Does and how does attention and other mental processes affect sensory perception? Researchers from the Weizmann Institute have revealed a physiological mechanism in rat whiskers that is clearly and visibly activated by attention
A man sits down on the couch in the living room at the end of a long day's work, and turns on the television. Figures and landscapes flicker on the background, but he is generally absorbed in thoughts about the day that has passed and the one that will follow. Suddenly a figure appears on the screen, causing him to momentarily shake off the thoughts that surrounded him, and pay attention to what is in front of his eyes. Or then he realizes that throughout the evening he was staring at a movie he had already seen a few days before. Even without scientific proof, we all feel it: when our attention is given to something, our senses pick up much more details about it. This gut feeling was also confirmed in behavioral studies that examined the relationship between attention and sensory perception.
However, it is difficult to find studies that show an effect of attention on the physiological responses of the sense organs. A new study by Weizmann Institute scientists, SRecently published in the scientific journal Current Biology, Reveals a physiological mechanism that is clearly and visibly activated by attention. The study, which shows a reflexive response in the whiskers of rats, opens the door to a better understanding of the mechanisms of sensory perception.

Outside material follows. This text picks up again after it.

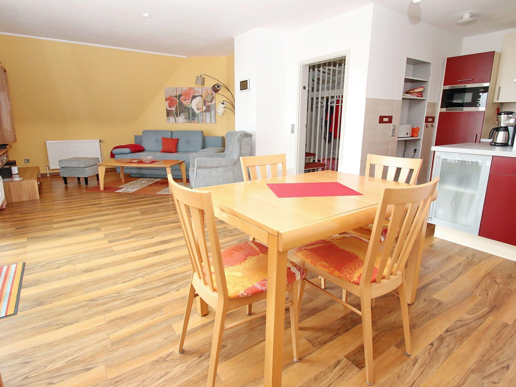 Balkon mit Strandkorb, Küche, Geschirrspüler, Mikrowelle, Duschbad/WC, Fön, 2x TV, DVD, Stereoanlage, kostenl. W-Lan, inkl. Außenstellplatz ca. 300 m vom Haus entfernt.
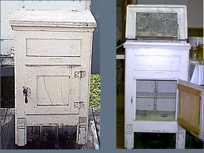 Iceboxes date back to the 1830’s. Most iceboxes were insulated with mineral wool, charcoal, cork, or flax straw fiber. The inside of the icebox was usually lined with galvanized metal, zinc, slate, porcelain, or wood. The outside was finished in oak, pine, ash or metal.

When we talk about reflexes, we usually think of an automatic and involuntary response. However, as the present study also shows, attention can have a significant effect on reflexive response. Five years ago she was identified in the laboratory of Prof. Ehud Ahisher, from the Department of Neurobiology, a reflexive reaction of the bristles in the whiskers of rats in response to contact with objects, a reaction which was named "touch induced vibration" (TIP - touch induced pump). During this reaction, the bristles of the rats' whiskers, which are a central part of this animal's sensory perception, vibrate at a faster rate, thus doubling the number of contacts with the object they want to explore. Surprisingly, the reaction, which is considered reflexive due to its high speed, was activated only in some of the contacts and not in all.
Dr. Dana Sherman, then a joint research student of Prof. Ahisher and Prof. David Harel from the Department of Computer Science and Applied Mathematics, developed a biological-computational model that has the power to explain why the reflex is activated through neural circuits in the brain stem. In order to understand what determines whether the reflex will be activated following contact with some bone, Dr. Sherman, in collaboration with research student Tess Orem, measured with great precision the behavior of the rats in various situations of exploring objects. Dr. Sherman noticed that when the rats showed a special interest in the object they touched - by turning their head towards it - the chance of a reflexive reaction increased considerably. The findings were unequivocal: while in accidental contact the chance of activating the reflex was less than 30%, in situations where it appeared that the animal was investigating the object with intent, the chance of activating the reflex increased to more than 65%.
When we talk about reflexes, we usually think of an automatic and involuntary response. However, as the present study also shows, attention can have a significant effect on reflexive response
This study presents a complete cycle of perception that starts from the sense organ (in this case the mustache), passes through the brain stem - and at the same time through "higher" processing circuits in the brain, including those that also involve attention - and returns to the sense organ with the activation of the reflex. Prof. Ahisher explains: "According to our research approach, the basic unit of perception is a closed circuit. Therefore, to understand perception processes, one must understand the whole circle. In this study, we present an angle that has not been presented so far in research in this field - a complete circle, which also includes the influence of mental processes on the operation of the more basic circuits." Prof. Achisher thus closes another circle: "In the research in my laboratory, we started 'high' - we probed the cerebral cortex, from there we went down to the brainstem, and finally we reached the rats' whiskers. Now from the ends of the bristles we climb back up. In our view, this form of research also traces evolution: it grew slowly - from the most basic sensing circuits to more and more complex perception circuits."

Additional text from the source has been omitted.